- Born: Qusar District, Azerbaijan
- Allegiance: Azerbaijani Armed Forces
- Branch: Azerbaijani Special Forces
- Rank: Colonel
- Conflicts: First Nagorno-Karabakh War; Four-Day War; Second Nagorno-Karabakh War Battle of Hadrut; Battle of Shusha; ;
- Awards: For Heroism Medal, For service to the Fatherland Order,

= Tehran Mansimov =

Azerbaijani military officer

Tehran Javid oghlu Mansimov (Tehran Cavid oğlu Mənsimov) is an Azerbaijani military officer, serving as a colonel being a senior leader in the Special Forces. He participated in the First Nagorno-Karabakh War, the 2016 Nagorno–Karabakh clashes and the 2020 Nagorno-Karabakh war, during which he was one of the commanders of Azerbaijani forces in the 2020 Battle of Shusha.

== Life and service ==
Tehran Javid oglu Mansimov was born in the Qusar District of the Republic of Azerbaijan. He is an Lezgian.

Tehran Mansimov was one of the leaders of the Special Forces of Azerbaijan during 2020 Nagorno-Karabakh war, which began on September 27, 2020 to capture the territories and ensure the territorial integrity of Azerbaijan. He was one of the leaders of the battles for the capture of Shusha, which lasted from 4 to 8 November.

== Awards ==
- On 24 June 2005 by the decree of the Azerbaijani President Ilham Aliyev No. 860 Tehran Javid oglu Mansimov was awarded the For Heroism Medal.

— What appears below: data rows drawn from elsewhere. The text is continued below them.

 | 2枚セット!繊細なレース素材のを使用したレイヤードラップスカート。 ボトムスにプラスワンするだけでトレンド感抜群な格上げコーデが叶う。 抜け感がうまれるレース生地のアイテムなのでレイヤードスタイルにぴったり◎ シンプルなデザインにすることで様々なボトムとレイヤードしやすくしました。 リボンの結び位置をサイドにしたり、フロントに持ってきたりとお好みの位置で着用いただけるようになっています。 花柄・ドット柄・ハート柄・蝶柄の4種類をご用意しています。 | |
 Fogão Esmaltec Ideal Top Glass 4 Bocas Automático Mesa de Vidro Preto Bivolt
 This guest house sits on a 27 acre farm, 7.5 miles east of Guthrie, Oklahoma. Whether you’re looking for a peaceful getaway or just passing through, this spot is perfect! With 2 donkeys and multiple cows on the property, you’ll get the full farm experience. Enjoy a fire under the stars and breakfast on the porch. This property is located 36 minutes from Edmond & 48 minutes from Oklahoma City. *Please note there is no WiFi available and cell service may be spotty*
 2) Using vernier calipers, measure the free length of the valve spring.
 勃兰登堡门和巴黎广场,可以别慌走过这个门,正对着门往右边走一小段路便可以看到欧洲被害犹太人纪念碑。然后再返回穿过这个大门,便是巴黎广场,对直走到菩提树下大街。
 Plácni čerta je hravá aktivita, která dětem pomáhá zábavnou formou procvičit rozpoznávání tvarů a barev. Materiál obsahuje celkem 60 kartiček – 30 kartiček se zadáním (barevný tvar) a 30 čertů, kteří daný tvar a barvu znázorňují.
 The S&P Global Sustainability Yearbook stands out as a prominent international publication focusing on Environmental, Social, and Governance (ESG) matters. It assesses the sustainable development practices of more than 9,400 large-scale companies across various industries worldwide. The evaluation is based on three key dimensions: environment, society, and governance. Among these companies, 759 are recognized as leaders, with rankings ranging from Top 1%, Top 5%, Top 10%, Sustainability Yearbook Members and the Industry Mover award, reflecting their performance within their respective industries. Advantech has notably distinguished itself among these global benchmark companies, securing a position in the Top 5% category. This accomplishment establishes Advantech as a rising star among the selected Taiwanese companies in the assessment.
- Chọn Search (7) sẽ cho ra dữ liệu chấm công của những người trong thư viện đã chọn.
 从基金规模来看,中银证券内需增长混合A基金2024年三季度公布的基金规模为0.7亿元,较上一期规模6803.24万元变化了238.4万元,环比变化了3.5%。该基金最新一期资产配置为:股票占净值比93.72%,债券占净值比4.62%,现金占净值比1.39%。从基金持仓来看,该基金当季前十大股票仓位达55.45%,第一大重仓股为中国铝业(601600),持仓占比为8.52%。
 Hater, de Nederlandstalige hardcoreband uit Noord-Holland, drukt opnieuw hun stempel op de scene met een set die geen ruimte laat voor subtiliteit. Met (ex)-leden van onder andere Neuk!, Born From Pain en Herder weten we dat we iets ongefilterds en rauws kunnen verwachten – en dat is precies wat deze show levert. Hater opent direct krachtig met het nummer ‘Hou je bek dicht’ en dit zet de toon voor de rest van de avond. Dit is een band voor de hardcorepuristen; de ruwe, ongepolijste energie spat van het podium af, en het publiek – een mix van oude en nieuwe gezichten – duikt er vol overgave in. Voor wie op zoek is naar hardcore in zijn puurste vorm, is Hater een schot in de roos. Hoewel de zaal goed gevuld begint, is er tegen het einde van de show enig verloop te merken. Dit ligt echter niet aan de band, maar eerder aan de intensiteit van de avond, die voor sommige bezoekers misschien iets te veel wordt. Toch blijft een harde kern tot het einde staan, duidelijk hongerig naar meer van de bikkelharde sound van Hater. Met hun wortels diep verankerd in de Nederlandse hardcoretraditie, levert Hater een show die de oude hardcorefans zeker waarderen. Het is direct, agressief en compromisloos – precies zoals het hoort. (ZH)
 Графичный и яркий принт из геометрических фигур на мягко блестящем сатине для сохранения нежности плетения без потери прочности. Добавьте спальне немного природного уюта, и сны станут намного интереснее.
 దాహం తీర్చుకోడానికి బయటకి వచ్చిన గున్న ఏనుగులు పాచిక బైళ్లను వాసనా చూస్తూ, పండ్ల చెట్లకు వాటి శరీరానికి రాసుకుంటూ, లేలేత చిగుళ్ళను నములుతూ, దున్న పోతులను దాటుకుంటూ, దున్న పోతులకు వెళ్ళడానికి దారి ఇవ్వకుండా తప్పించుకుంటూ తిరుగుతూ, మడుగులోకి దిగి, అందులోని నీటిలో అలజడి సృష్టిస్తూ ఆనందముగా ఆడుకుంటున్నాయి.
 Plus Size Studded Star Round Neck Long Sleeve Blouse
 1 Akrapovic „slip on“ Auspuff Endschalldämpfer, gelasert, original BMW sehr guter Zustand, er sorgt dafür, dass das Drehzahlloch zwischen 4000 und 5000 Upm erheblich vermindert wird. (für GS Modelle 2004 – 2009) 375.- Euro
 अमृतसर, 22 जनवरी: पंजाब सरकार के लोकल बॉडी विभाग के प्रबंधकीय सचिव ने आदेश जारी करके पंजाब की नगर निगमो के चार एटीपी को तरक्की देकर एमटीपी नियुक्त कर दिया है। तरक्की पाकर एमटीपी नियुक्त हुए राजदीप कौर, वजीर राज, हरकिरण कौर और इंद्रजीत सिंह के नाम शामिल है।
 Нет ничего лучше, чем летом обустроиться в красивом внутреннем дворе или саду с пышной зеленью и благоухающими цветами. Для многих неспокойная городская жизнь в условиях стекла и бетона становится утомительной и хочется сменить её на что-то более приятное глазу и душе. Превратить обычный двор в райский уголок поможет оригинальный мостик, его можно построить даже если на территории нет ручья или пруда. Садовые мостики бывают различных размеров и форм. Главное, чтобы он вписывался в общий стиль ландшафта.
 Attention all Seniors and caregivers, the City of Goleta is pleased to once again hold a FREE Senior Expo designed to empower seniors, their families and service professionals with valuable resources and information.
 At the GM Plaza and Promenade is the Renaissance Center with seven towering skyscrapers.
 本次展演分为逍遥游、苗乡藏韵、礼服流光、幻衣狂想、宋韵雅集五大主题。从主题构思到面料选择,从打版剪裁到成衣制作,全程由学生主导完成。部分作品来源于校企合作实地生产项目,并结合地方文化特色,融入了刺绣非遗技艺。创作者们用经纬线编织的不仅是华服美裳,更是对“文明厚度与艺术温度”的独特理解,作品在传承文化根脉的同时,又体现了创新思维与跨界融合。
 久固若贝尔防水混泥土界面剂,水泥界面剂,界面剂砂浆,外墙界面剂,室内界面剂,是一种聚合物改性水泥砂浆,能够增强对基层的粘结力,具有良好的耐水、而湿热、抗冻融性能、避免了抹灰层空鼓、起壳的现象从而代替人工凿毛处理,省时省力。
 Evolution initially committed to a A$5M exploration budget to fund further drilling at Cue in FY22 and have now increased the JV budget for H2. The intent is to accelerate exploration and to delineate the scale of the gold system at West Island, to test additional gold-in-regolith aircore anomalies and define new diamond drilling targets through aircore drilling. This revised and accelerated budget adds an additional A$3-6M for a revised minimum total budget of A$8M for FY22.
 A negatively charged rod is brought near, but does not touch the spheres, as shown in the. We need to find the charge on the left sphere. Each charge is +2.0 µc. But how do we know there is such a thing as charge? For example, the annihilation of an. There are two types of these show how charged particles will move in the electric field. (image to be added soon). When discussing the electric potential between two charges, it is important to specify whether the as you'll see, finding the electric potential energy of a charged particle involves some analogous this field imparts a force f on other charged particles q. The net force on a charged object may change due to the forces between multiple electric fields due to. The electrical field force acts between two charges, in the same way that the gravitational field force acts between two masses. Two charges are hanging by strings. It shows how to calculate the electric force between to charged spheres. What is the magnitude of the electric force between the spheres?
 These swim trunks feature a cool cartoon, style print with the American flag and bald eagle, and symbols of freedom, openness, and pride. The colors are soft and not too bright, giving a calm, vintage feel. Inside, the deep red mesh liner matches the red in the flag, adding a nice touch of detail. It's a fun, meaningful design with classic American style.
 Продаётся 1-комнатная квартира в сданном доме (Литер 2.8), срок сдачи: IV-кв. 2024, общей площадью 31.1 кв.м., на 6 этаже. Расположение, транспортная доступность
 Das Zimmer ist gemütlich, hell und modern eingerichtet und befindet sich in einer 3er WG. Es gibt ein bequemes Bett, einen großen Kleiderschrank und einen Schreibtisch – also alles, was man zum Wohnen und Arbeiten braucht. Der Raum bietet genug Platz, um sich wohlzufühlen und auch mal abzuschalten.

- On 20 June 2017 by the decree of the Azerbaijani President Ilham Aliyev No. 860 Tehran Javid oglu Mansimov was awarded the For service to the Fatherland Order.
- On 15 December 2020 by the decree of the Azerbaijani President Ilham Aliyev Tehran Javid oglu Mansimov was awarded the Azerbaijani Flag Order.